DeepSeek V4 open-source model launches with 1.6 trillion parameters and MIT license

ME News reports that on April 24 (UTC+8), according to monitoring by Beating, DeepSeek has released the preview version of its V4 series under the MIT license, with weights now available on Hugging Face and ModelScope. The series includes two MoE models: V4-Pro, with a total of 1.6T parameters and 49B (49 billion) activated per token; and V4-Flash, with a total of 284B (284 billion) parameters and 13B (13 billion) activated per token. Both support a 1M token context length.
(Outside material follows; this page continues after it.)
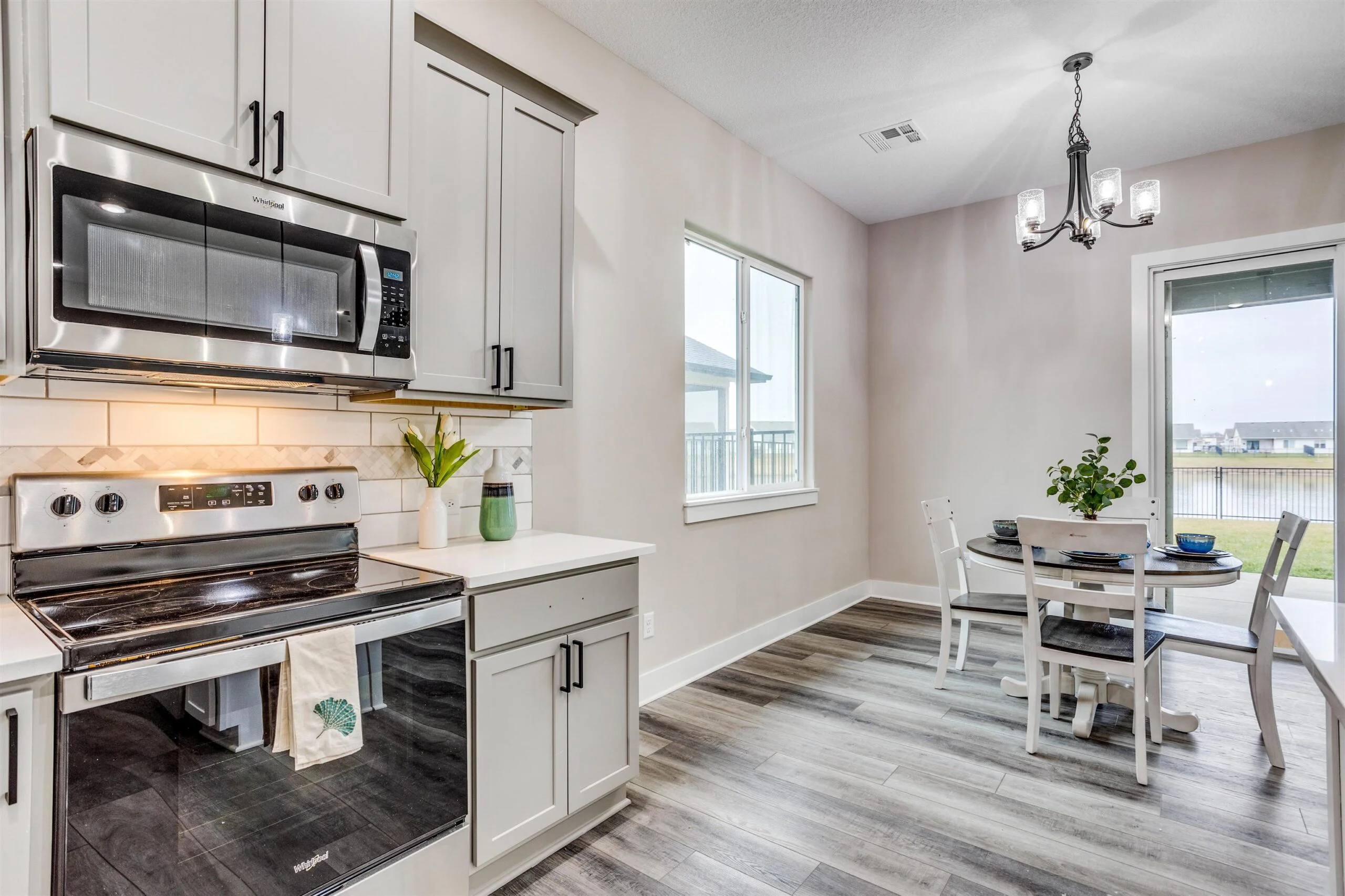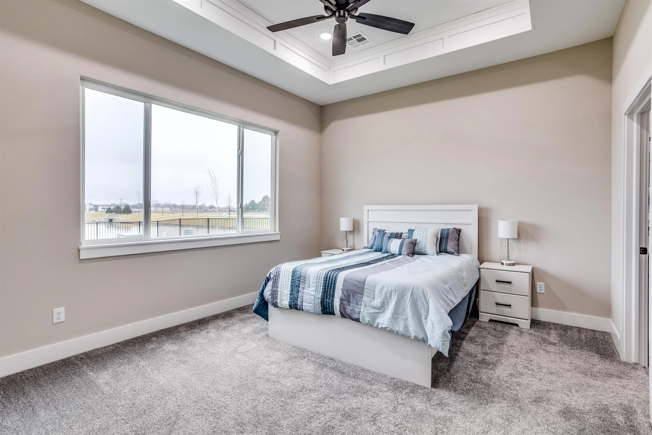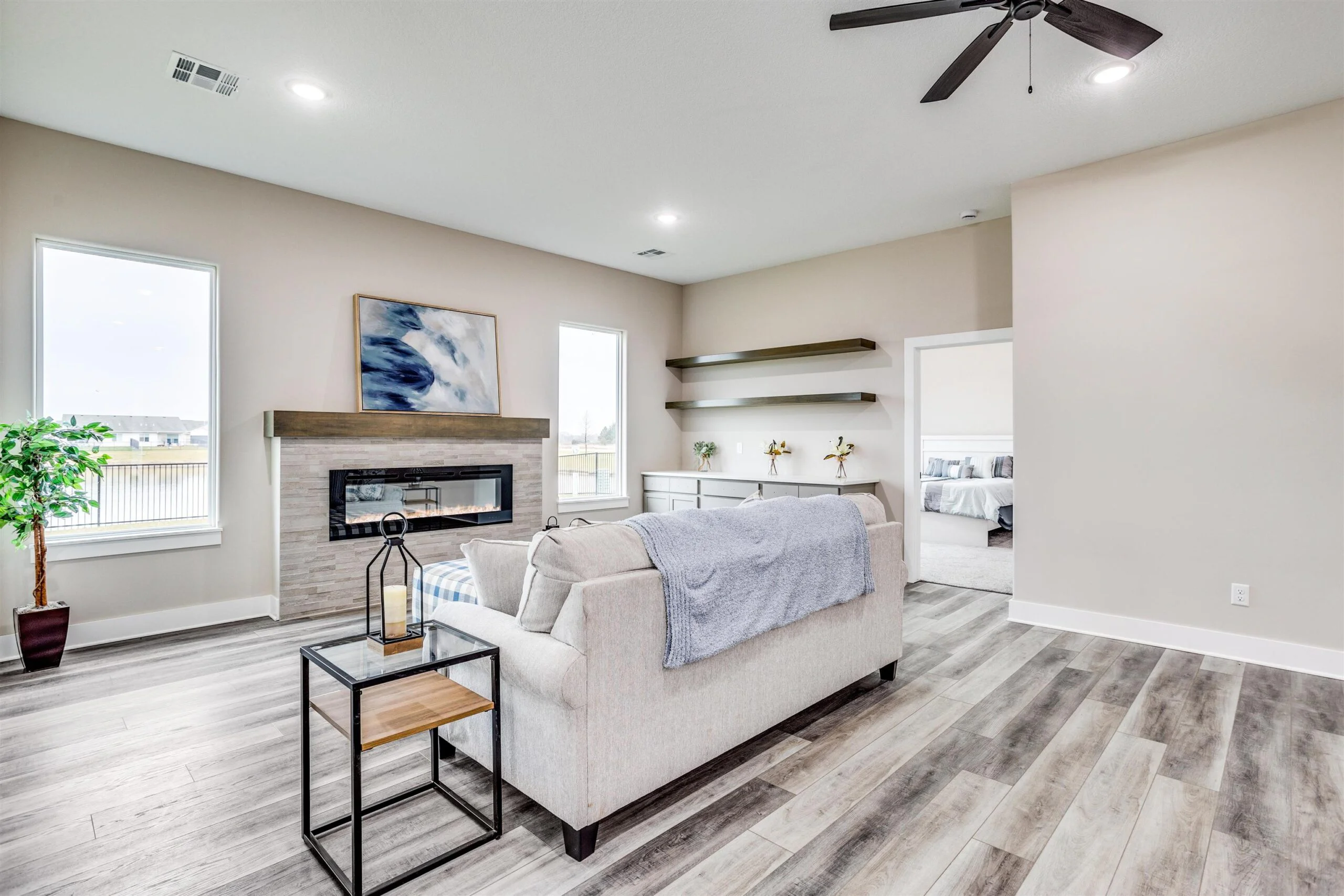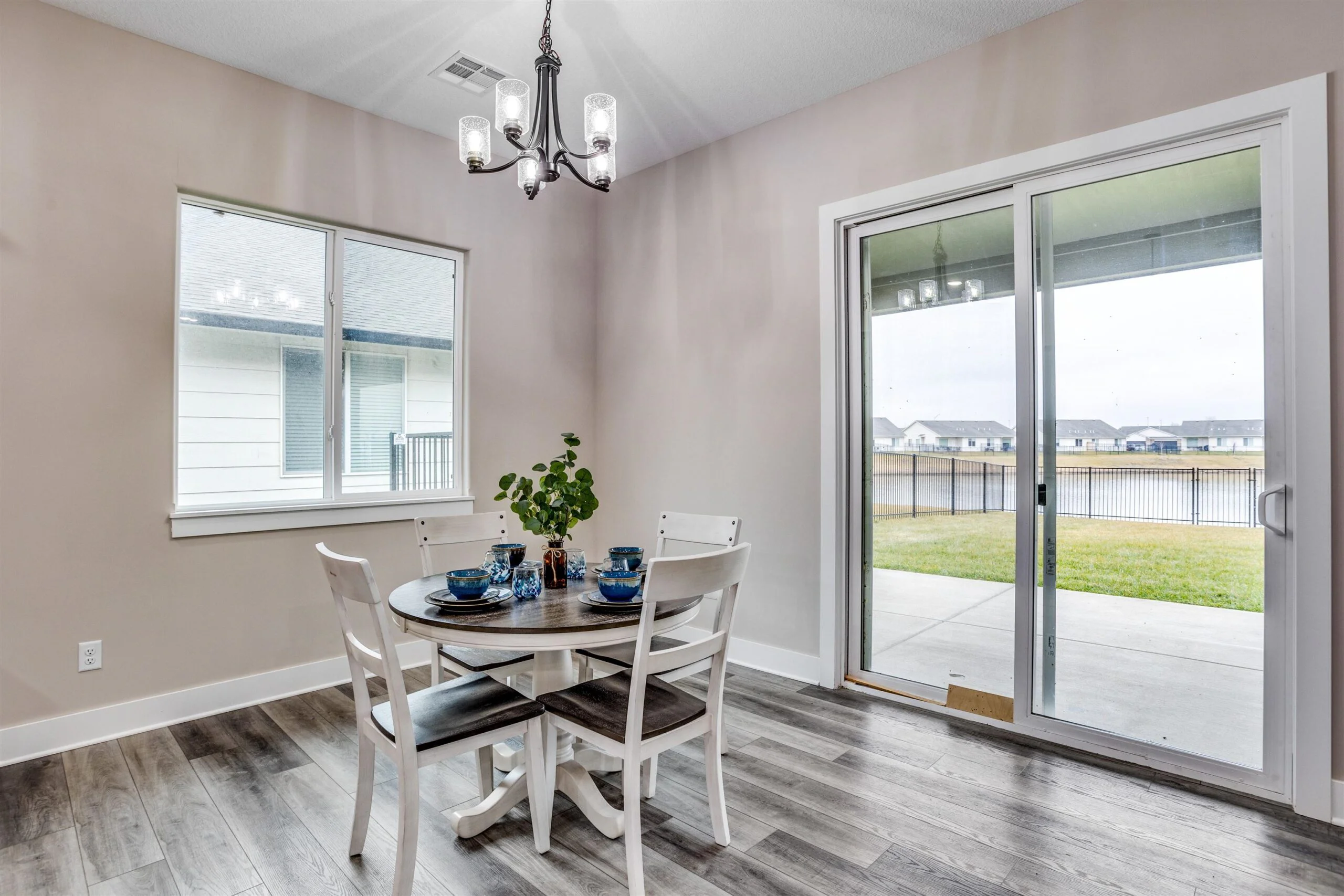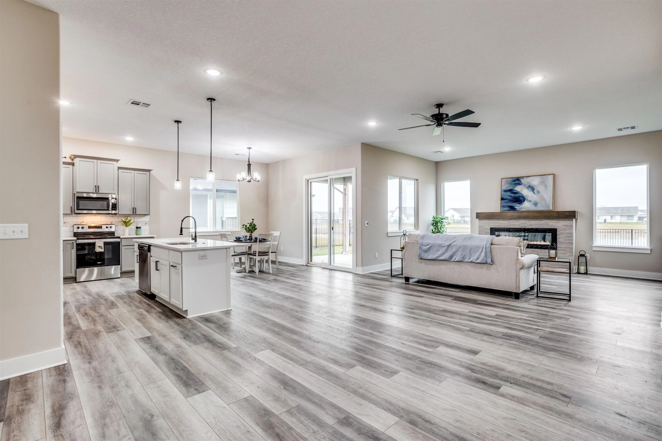 Introducing the Montana Plan by Relph Construction—where luxury meets convenience in a stunning lakefront setting. This thoughtfully designed zero-step home features 3 spacious bedrooms and 2 well-appointed bathrooms, perfect for comfortable living. The large kitchen is a chef’s dream, boasting quartz countertops, an abundance of cabinetry, a walk-in pantry, and a separate dining area for effortless entertaining. Step outside to the covered patio and enjoy serene lake views and a fenced backyard, creating an ideal space to relax or entertain guests. Inside, the open-concept living area is highlighted by an elegant electric fireplace and ample space for hosting family and friends. The luxurious Master Suite is a true retreat, offering a spacious bedroom, a private bath with a low-curb, tile-walled shower, and an expansive walk-in closet. Two additional bedrooms provide generous space and feature two closets each, ensuring plenty of storage for all your needs. For added peace of mind, a concrete storm shelter is conveniently located within the garage, enhancing safety and security. This remarkable home combines modern design, comfort, and functionality, offering a perfect blend of everyday luxury and lakeside living! Some information may be estimated and is not guaranteed. Please verify schools with USD 262.

Three architectural upgrades: A hybrid attention mechanism (Compressed Sparse Attention CSA + Heavily Compressed Attention HCA) significantly reduces long-context overhead—under 1M context, V4-Pro’s single-token inference FLOPs are only 27% of V3.2’s, and KV cache (GPU memory used to store historical information during inference) is just 10% of V3.2’s; Manifold-constrained Hyperconnection (mHC) replaces traditional residual connections to enhance cross-layer signal propagation stability; training now employs the Muon optimizer for faster convergence. Pre-training data exceeds 32T tokens. Post-training occurs in two stages: first, domain-specific experts are trained using SFT and GRPO reinforcement learning; then, online distillation unifies them into a single model. V4-Pro-Max (highest inference intensity mode) claims to be the strongest open-source model currently available, achieving top-tier performance on coding benchmarks and significantly narrowing the gap with closed-source state-of-the-art models in reasoning and agent tasks. V4-Flash-Max delivers reasoning performance close to V4-Pro when given sufficient thinking budget, but is limited by parameter scale on pure knowledge and complex agent tasks. Weights are stored in FP4+FP8 mixed precision. (Source: BlockBeats)